Personal information
- Full name: Ivan Bek
- Date of birth: 29 October 1909
- Place of birth: Belgrade, Kingdom of Serbia
- Date of death: 2 June 1963 (aged 53)
- Place of death: Sète, France
- Height: 1.96 m (6 ft 5 in)
- Position: Forward

Senior career*
- Years: Team / Apps / (Gls)
- 1925–1928: BSK / 50 / (51)
- 1928: Mačva Šabac
- 1928–1931: Sète
- 1931–1932: Urania Genève Sport / 16 / (16)
- 1932–1935: Sète / 69 / (33)
- 1935–1939: Saint-Étienne / 109 / (93)
- 1940–1943: Nîmes
- 1943–1944: AS Aix
- Total:  / 254 / (193)

International career
- 1927–1931: Yugoslavia / 8 / (4)
- 1935–1937: France / 5 / (0)

= Ivan Bek =

Serbian footballer (1909–1963)

Ivan "Ivica" Bek (Иван Ивица Бек; 29 October 1909 – 2 June 1963), also known as Yvan Beck, was a Serbian-French footballer who played as a forward.

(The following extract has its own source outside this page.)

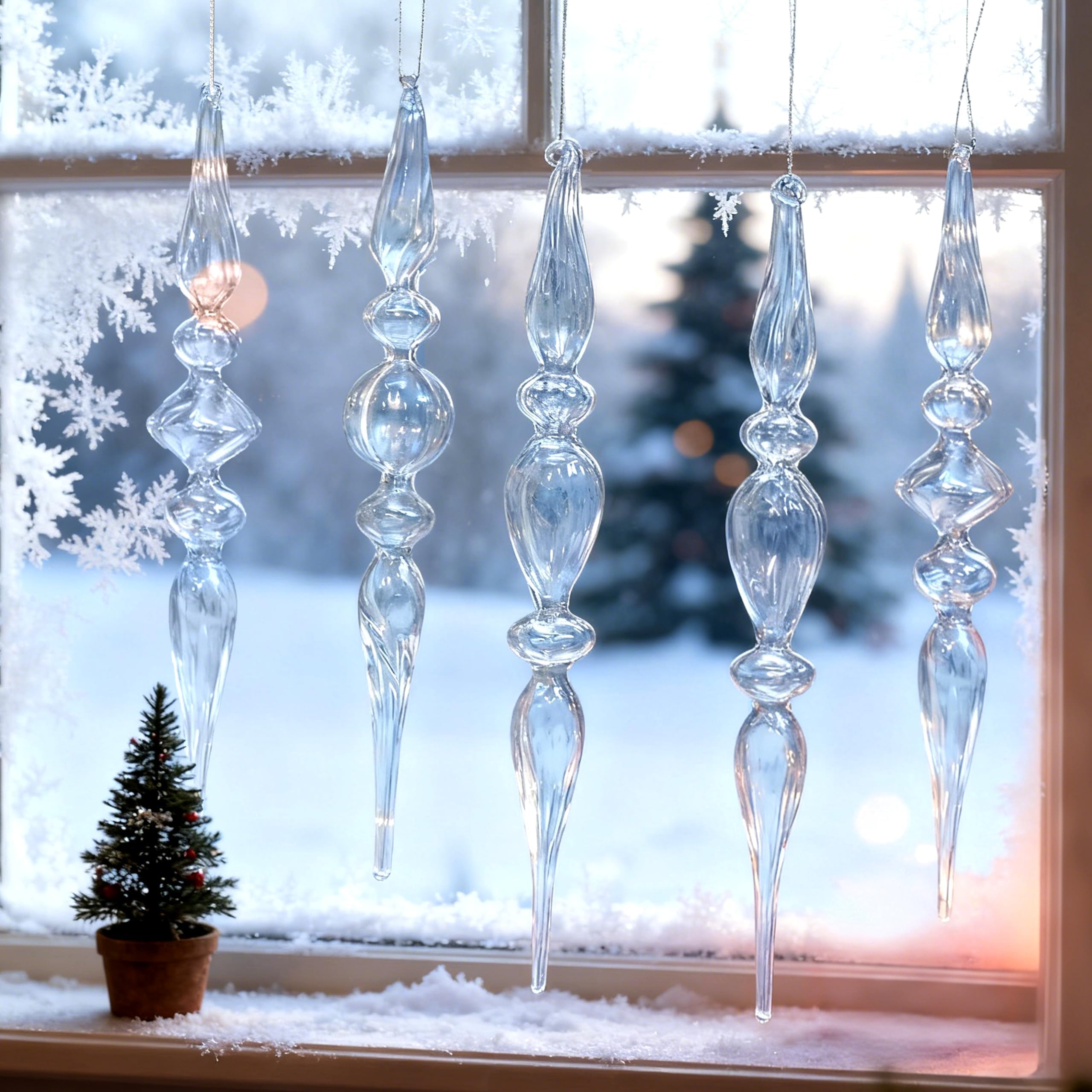 10 Inch Christmas Glass Finial Ornaments for Tree, 6Pcs Clear Glass Hanging Crystal Ornaments, Assorted Xmas Hanging Icicle Decor for Christmas Tree Winter Wonderland Wedding New Year Party Decor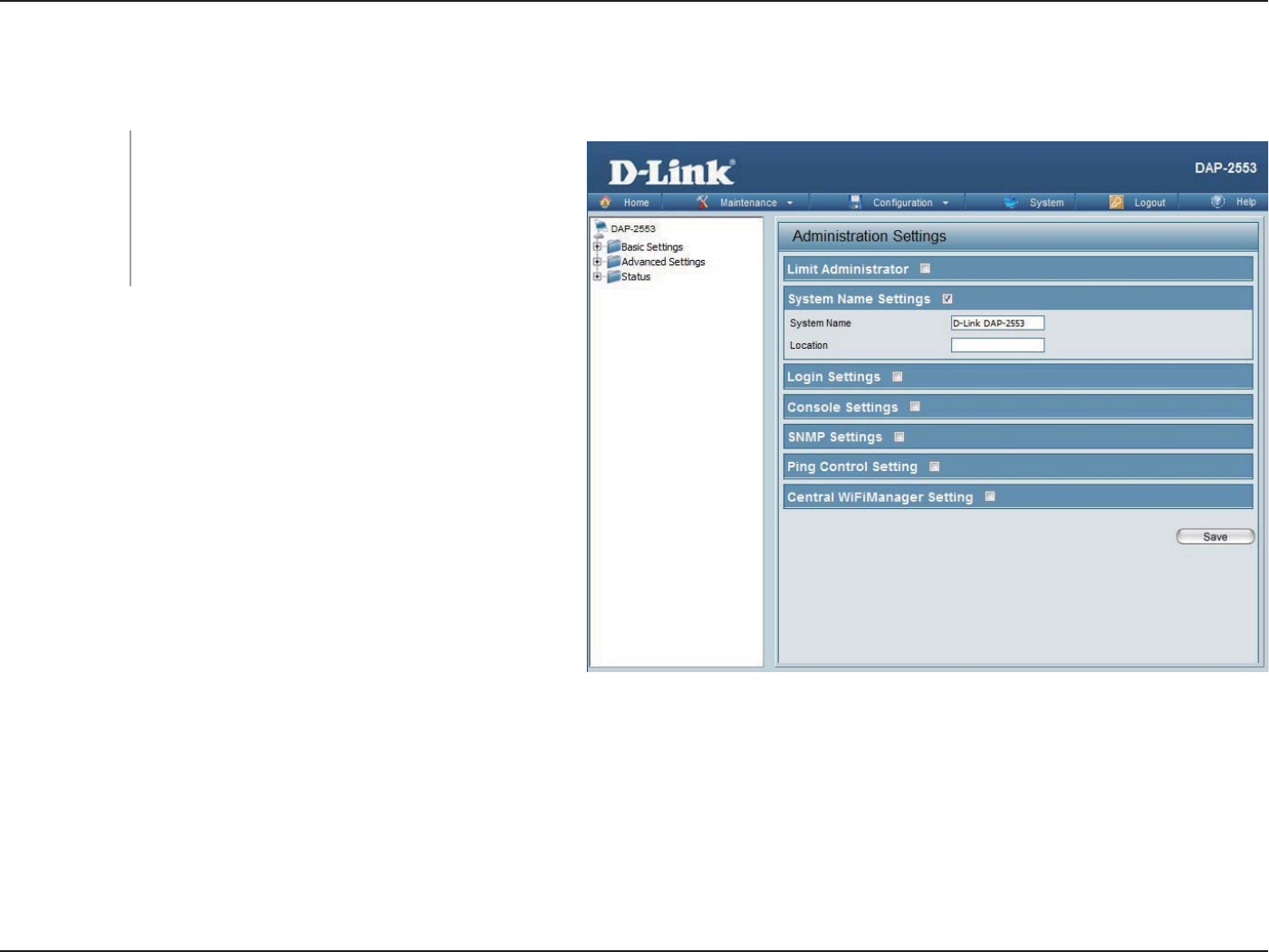 Each of the seven main categories display various hidden administrator parameters and settings.

He was part of Yugoslavia's team at the 1928 Summer Olympics and at the 1930 FIFA World Cup.

==Club career==
Bek was born to a German father, and a Czech mother in the Serbian capital Belgrade borough of Čubura. Aged 16, he started playing in BSK where he scored 51 goals in 50 matches. In 1928, Bek moved to Mačva, and soon proceeded to French FC Sète. In his first season, he reached the cup finals, but lost 2–0 against Montpellier. Next year in cup finals against RC France, was victorious for Sète (3–1) with Bek scoring two decisive goals in extra time. Four years later with the same club, Bek was part of the first team that win the Double in France. Bek helped Yugoslavia get third place in the first FIFA world cup in Uruguay. Bek and his team went on a train from Belgrade to Marseille. When they came to Marseille they went on a crew ship to Uruguay in the second class.

==International career==
Internationally, Bek represented the Kingdom of Yugoslavia (seven caps, four goals) and France (five caps). For Yugoslavia he debuted in 1927 against Bulgaria (2–0), participated Olympic tournament in 1928 in Amsterdam and played in the 1930 FIFA World Cup for Yugoslavia scoring three goals. In 1933, Bek took French citizenship and renamed himself Yvan Beck and in February 1935 he was picked for the first time for the Équipe Tricolore.

===International goals===
Scores and results list Yugoslavia's goal tally first, score column indicates score after each Bek goal.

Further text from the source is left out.